In this example, the asymmetric unit is composed of a single chain (chain A). The biological dimer is generated from two copies of the asymmetric unit. The first copy is identical to the deposited asymmetric unit (note the identity operation in green). The second copy is generated by applying a crystallographic symmetry operation consisting of a rotation matrix (red) and a translation vector (blue). Note that this biological assembly is both author provided and software (PISA) predicted.

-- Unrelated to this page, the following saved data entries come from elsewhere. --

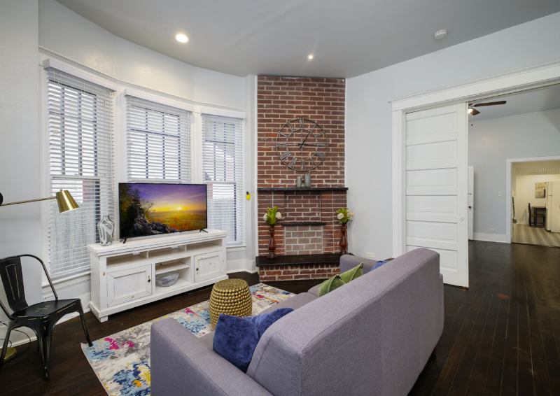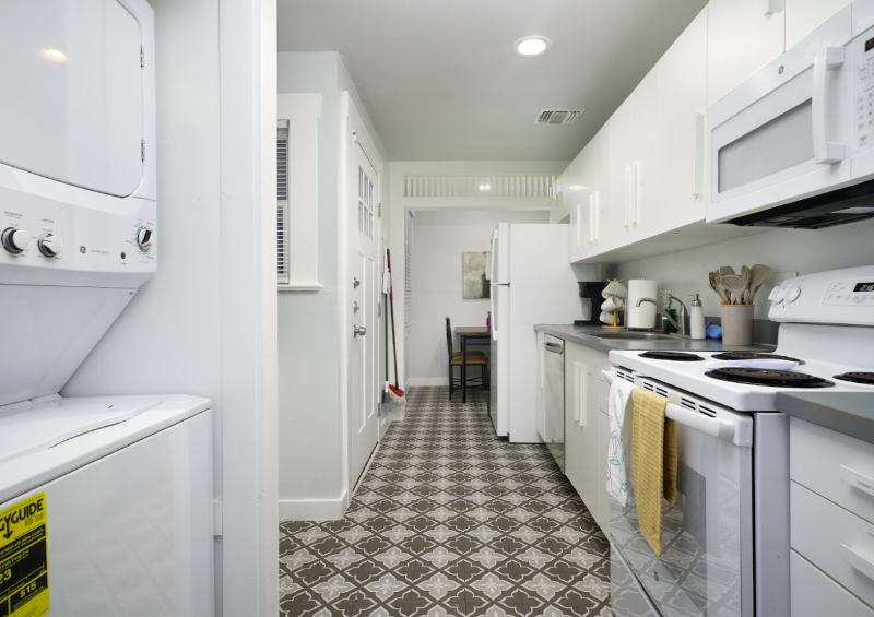 This spacious, welldesigned unit is ideal for business travelers, small families, or roommates. Featuring two private bedrooms, two updated bathrooms, a full kitchen, and a cozy living area, it's a turnkey home away from home. Great for midterm corporate stays or bookings.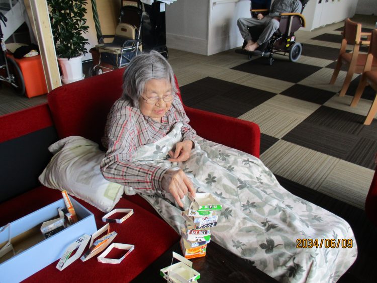 牛乳パック等を再利用して手作りジェンガで、Y様や他お客様と職員とで「ハラハラ~ドキドキ★」ゲームをを楽しみましたー。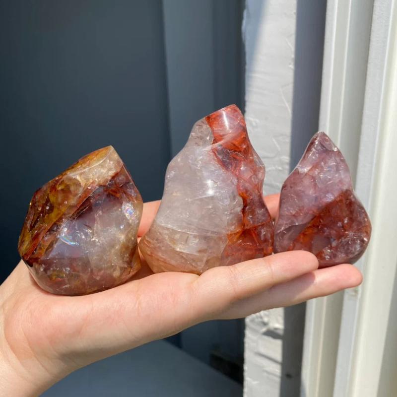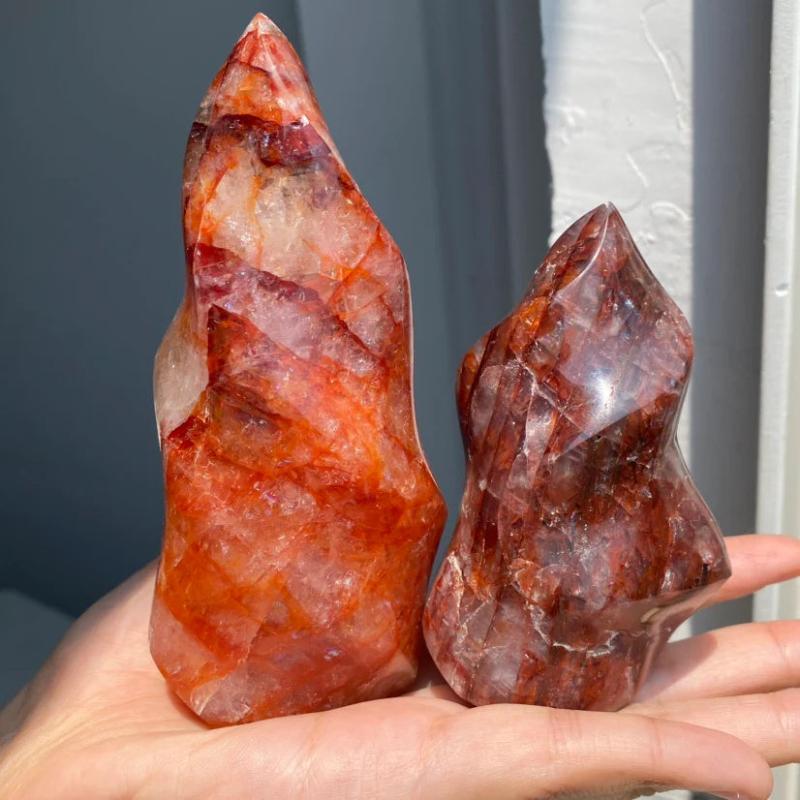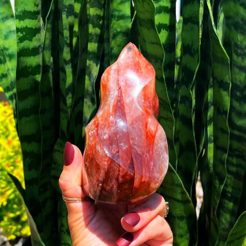 Enhance your space with this beautiful FIRE QUARTZ FLAME ORNAMENT made of natural crystal. Perfect for home, office, or tablet decoration.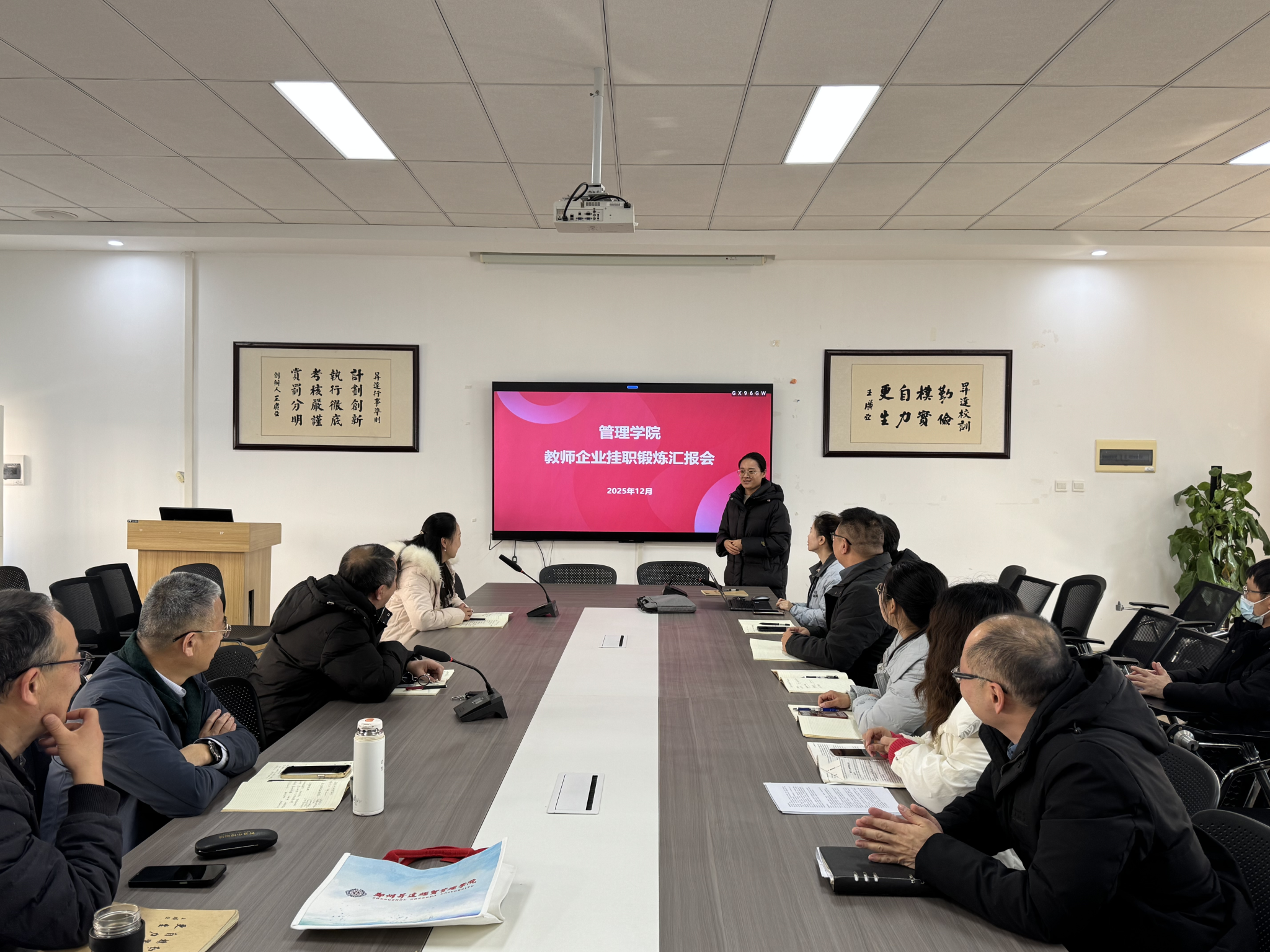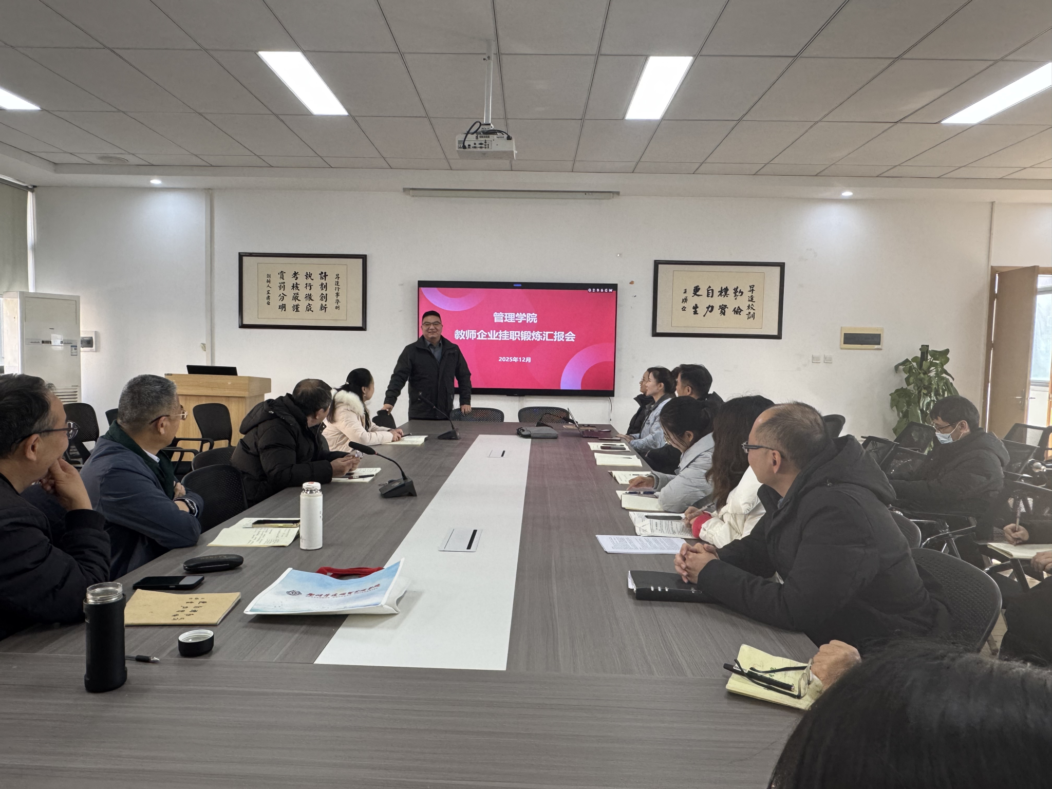 为进一步深化产教融合,提升应用型人才培养质量,2025年12月25日,管理学院工商管理教研室在教学2号楼209会议室召开第十一批教师挂职锻炼汇报会,王玉杰老师和叶文菲老师分别围绕其企业挂职经历和主要收获展开汇报。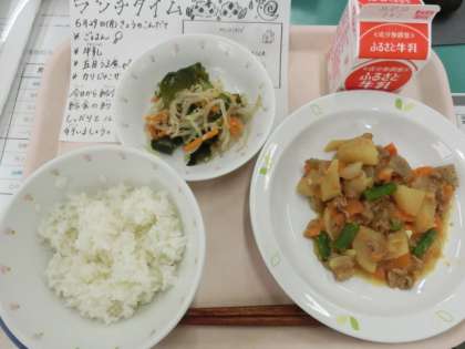 今日の給食は、ごはん、牛乳、五目うま煮、かりじゃこサラダです。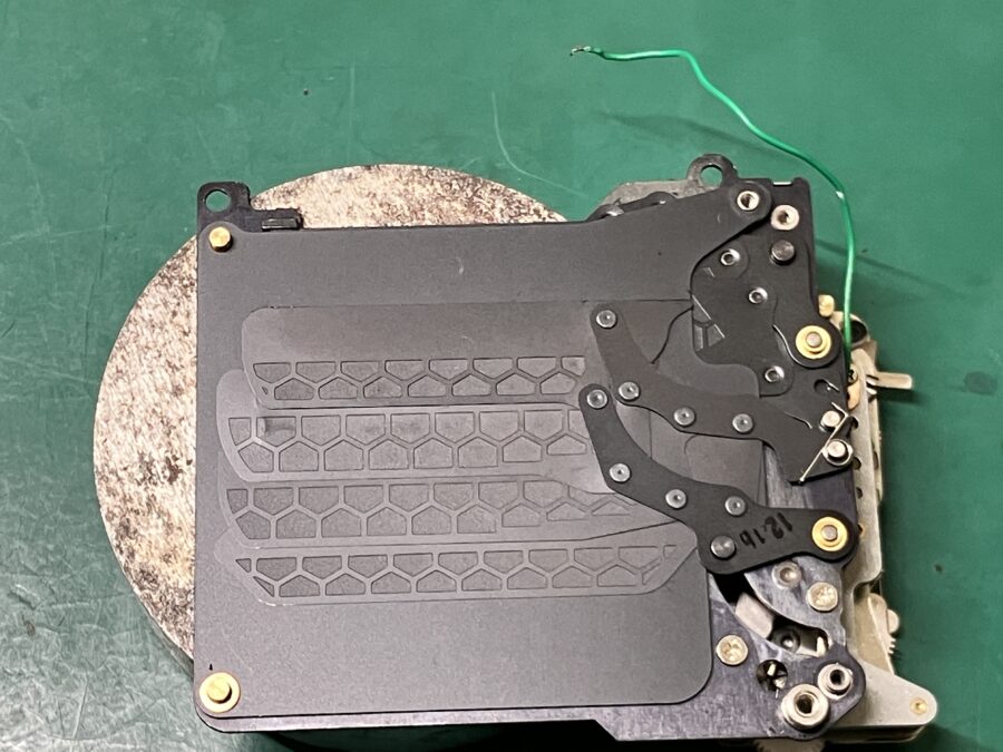 また、絞り値を表示するための小さなミラーが脱落している個体もあります。このミラーがボディ内部でずれると、ミラーアップ動作や巻き上げに影響を及ぼすことがあります。脱落していても再固定で対応できる場合が多く、位置調整を含めた整備で改善します。

An Example from a Viral Capsid -- Entry 2bfu

In this example the deposited coordinates include two chains (L and S) that comprise the icosahedral asymmetric unit (1/60th of the complete virus capsid). REMARK 300 is a free text remark while REMARK 350 provides the transformations required for generating the icosahedral virus. Note: matrices 5 through 58 in REMARK 350 have been omitted here for brevity.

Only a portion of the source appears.